In September 2012, after years of effort by hundreds of researchers, a whole catalogue of genetic data was published. The lead researchers described the ENCODE resource as an operating manual for the human genome. As well as confirming the number of genes that carry the codes to make proteins (around 21,000), they identified another 9,000 genes that have important effects in our cells. They also announced that 80 per cent of the human genome sequence is close to regions that control biological function; this meant that most of what was once considered “junk DNA”, the non-coding DNA in the human genome, is actually functional.
The sheer scale of the data collected by the participants of the ENCODE project was overwhelming. Over 1,800 genome-wide experiments were completed, using 147 different cell types and a carefully selected set of new technologies.
Based at the Wellcome Trust Sanger Institute, the GENCODE Consortium was a sub-project and vital part of ENCODE. Their work is helping to describe, in a highly accurate way, the features and functions of our 20,687 individual genes and their various regulatory elements.
1000 Genomes Project
The 1000 Genomes Project, which launched in 2008, was the first project to aim to sequence the genomes of a large number of people (at least 1,000), to provide a comprehensive resource on human genetic variation.

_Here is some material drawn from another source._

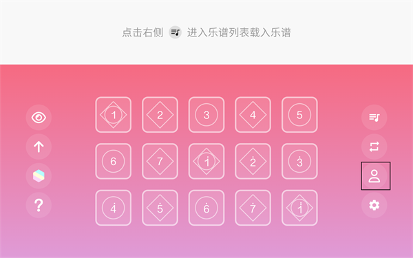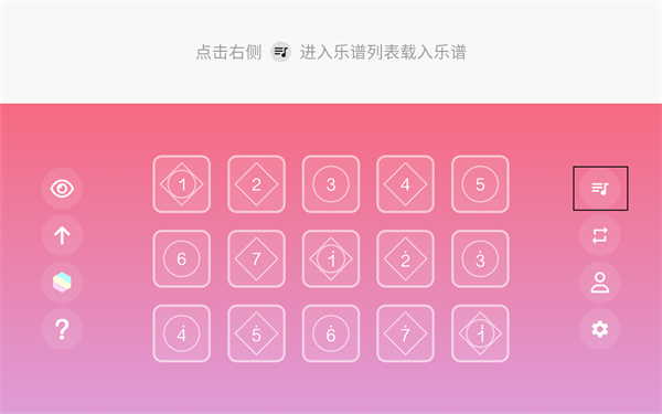 1、进入软件首先看到的就是弹琴页面。点击右侧第一个图标,就可以选择乐谱。

The genomes of over 2,500 anonymous people from 26 populations will be sequenced using next-generation sequencing technologies.
Any two humans are around 99.5 per cent the same at the genetic level. The tiny percentage of genetic material that varies among people can help to explain individual differences in susceptibility to disease, response to drugs or reaction to environmental factors. Although 0.5 per cent may not sound like a lot, 0.5 per cent of 3 billion bases is 15,000,000 – so that’s still a lot of differences!
The 1000 Genomes Project aimed to produce an extremely detailed catalogue of human DNA variation to help scientists studying people with specific diseases. The genomes of over 2,500 anonymous people from 26 populations around the world were sequenced using next-generation sequencing technologies. The results of the study are freely and publicly accessible to researchers worldwide.
In 2010, the Wellcome Trust launched a study of 10,000 human genomes in the UK, which aimed to analyse the DNA of one in every 6,000 individuals in the UK. Scientists expected the UK10K project to uncover many rare genetic variants that are important in human disease, giving a much deeper picture of genetics to help other studies, both in the UK and around the world.
The Wellcome Trust provided a £10.5 million Strategic Award to the Sanger Institute to fund the project. It is running in collaboration with clinical researchers from around the UK, using samples and data collected over many years.
UK10K aimed to analyse the genomes of 4,000 healthy people, studied since they were born in the early 1990s, and compare them with the exomes of 6,000 people currently living with a disease of suspected genetic cause, such as severe obesity, schizophrenia or congenital heart disease. By doing this, UK10K aimed to identify the regions of the genes involved in these diseases.
The researchers believed that the results from this huge study would have an immediate impact on genetics, contributing to an on-going transformation of our understanding of human genetic variation. Scientists hope that this will lead to advances in our understanding of disease biology, eventually leading to improved treatments.